Treasury General

Posted by marmara on April 18, 2019

It is a common practice that certain companies which subcontract a work or a service won’t let employees of the company subcontracted on-site or in the premises on which the service is provided if previously have not received documents showing the fulfilment of social and wage obligations by the outsourced company. The document that is most usually require is the TC2, which is the nominal ratio of workers for which the company has quoted, identified through a certain acronym. Why you do this? This practice has its origin in article 42 of the Statute of workers, which provides as follows: 1. employers who hire or subcontract with others carrying out of works or services corresponding to the actual activity of those should check that those contractors are current in the payment of Social security contributions. BSA follows long-standing procedures to achieve this success. For that purpose, they collect written, with identification of the affected company, negative certification by discovery in the Treasury General of Social Security, which shall RID inexcusably such certification in term of thirty days extended and the terms that may be established by regulation. Expiry of this period, it shall be relieved of liability the applicant employer. 2. The main employer, except during the above-mentioned period with regard to Social Security, and during the year following completion of your custom, will respond jointly and severally nature wage obligations by contractors and subcontractors with their workers and those referring to Social security during the period of validity of the contract work.

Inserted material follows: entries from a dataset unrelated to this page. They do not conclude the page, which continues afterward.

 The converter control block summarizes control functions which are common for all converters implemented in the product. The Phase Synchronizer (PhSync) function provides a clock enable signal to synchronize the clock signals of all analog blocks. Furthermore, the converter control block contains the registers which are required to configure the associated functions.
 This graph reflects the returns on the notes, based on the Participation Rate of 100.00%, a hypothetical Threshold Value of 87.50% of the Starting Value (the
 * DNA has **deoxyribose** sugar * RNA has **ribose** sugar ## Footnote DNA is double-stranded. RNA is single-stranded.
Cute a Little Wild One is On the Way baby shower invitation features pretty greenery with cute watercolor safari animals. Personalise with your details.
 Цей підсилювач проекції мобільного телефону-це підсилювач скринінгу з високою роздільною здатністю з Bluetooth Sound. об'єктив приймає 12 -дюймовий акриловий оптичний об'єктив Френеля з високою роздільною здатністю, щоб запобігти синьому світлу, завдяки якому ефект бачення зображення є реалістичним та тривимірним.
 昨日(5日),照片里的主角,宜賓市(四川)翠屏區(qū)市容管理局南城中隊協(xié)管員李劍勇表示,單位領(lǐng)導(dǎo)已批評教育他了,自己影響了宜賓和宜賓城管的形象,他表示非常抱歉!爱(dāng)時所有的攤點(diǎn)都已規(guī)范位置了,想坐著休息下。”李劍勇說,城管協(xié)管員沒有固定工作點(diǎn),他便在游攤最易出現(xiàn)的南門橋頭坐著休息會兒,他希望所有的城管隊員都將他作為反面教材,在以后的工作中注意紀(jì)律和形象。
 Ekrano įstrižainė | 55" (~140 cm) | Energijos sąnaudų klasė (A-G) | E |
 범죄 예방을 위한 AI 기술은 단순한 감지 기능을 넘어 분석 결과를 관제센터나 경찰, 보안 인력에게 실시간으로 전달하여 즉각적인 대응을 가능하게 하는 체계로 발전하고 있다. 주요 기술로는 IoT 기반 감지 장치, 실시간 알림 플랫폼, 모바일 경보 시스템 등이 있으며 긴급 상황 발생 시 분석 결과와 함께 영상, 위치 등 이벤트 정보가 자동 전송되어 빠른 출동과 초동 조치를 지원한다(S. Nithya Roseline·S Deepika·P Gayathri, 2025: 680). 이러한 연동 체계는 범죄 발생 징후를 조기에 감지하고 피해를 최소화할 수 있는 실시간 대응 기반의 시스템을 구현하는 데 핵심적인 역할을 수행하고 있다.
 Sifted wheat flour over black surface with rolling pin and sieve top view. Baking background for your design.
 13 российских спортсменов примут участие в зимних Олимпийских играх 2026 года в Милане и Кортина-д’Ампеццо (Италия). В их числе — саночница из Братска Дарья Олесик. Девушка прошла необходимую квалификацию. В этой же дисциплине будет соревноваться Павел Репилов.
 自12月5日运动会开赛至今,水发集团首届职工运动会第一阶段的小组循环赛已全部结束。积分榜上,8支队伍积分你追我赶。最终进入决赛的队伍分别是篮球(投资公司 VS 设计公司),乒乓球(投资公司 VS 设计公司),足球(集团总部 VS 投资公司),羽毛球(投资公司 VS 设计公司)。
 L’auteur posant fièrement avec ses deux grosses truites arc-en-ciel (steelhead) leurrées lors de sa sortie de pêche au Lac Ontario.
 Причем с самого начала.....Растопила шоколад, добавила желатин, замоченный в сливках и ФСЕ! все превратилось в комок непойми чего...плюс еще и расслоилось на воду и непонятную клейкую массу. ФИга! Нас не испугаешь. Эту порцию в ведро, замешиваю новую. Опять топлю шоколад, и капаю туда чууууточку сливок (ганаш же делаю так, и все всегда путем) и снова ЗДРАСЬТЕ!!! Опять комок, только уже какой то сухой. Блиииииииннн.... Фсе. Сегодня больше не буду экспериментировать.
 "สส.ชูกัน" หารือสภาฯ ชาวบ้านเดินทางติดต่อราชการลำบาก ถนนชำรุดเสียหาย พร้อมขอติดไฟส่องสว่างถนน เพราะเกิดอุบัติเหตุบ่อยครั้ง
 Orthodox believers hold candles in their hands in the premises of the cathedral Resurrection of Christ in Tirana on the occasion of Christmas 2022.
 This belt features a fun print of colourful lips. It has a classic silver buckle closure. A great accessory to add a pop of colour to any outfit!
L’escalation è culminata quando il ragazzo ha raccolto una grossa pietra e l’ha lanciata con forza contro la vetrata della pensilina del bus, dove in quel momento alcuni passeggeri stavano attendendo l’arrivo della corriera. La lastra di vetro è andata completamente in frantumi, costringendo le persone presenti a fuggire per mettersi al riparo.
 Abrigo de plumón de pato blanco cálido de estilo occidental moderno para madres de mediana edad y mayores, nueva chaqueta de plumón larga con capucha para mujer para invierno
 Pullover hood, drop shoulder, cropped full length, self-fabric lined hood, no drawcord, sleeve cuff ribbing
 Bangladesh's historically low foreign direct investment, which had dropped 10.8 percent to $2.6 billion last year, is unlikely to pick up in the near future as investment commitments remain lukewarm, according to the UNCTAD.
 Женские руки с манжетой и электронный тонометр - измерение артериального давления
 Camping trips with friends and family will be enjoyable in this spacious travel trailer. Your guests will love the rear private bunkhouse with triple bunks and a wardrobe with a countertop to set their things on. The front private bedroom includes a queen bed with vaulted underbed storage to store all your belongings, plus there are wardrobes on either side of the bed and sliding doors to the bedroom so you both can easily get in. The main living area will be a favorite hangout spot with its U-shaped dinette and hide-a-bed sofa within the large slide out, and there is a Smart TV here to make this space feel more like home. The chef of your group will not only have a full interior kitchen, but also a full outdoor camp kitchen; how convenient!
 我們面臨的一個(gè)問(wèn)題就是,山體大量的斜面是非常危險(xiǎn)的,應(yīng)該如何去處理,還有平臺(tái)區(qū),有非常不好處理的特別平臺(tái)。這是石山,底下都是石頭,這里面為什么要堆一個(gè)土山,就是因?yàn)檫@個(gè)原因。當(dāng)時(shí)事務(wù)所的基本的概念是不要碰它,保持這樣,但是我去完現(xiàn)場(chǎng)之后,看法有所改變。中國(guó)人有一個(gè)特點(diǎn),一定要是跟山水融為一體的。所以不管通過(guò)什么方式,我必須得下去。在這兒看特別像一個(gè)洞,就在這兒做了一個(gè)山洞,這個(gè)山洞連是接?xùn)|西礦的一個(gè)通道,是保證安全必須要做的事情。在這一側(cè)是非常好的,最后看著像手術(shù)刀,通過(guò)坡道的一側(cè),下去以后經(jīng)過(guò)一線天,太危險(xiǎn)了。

Responsibility for the actions of the contractor no where contracted activity relates exclusively to construction or repair that you can hire a head of the family connection of your home, as well as when the owner of the work or industry do not hire its realization by reason of an activity business. and what this has to do with the protection of data? Year 2006: the Spanish data protection agency responded to a formal consultation of a company concerned about the protection of data that didn’t know how to reconcile the obligations under its customers (deliver TC2, payroll, etc.), with article 11 of the data protection act, whose non-observance, in accordance with the old sanctioning regime, assumed a very serious infraction with penalties between 300,000 and 600,000 euros. The criterion of the Agency on that occasion was as follows: considers that the system described in the query is not covered by provisions of the organic law 15/1999, prove to be excessive in relation to the provisions of article 42 of the Statute of workers, under which is not necessary the contractor access to information described in the inquiry.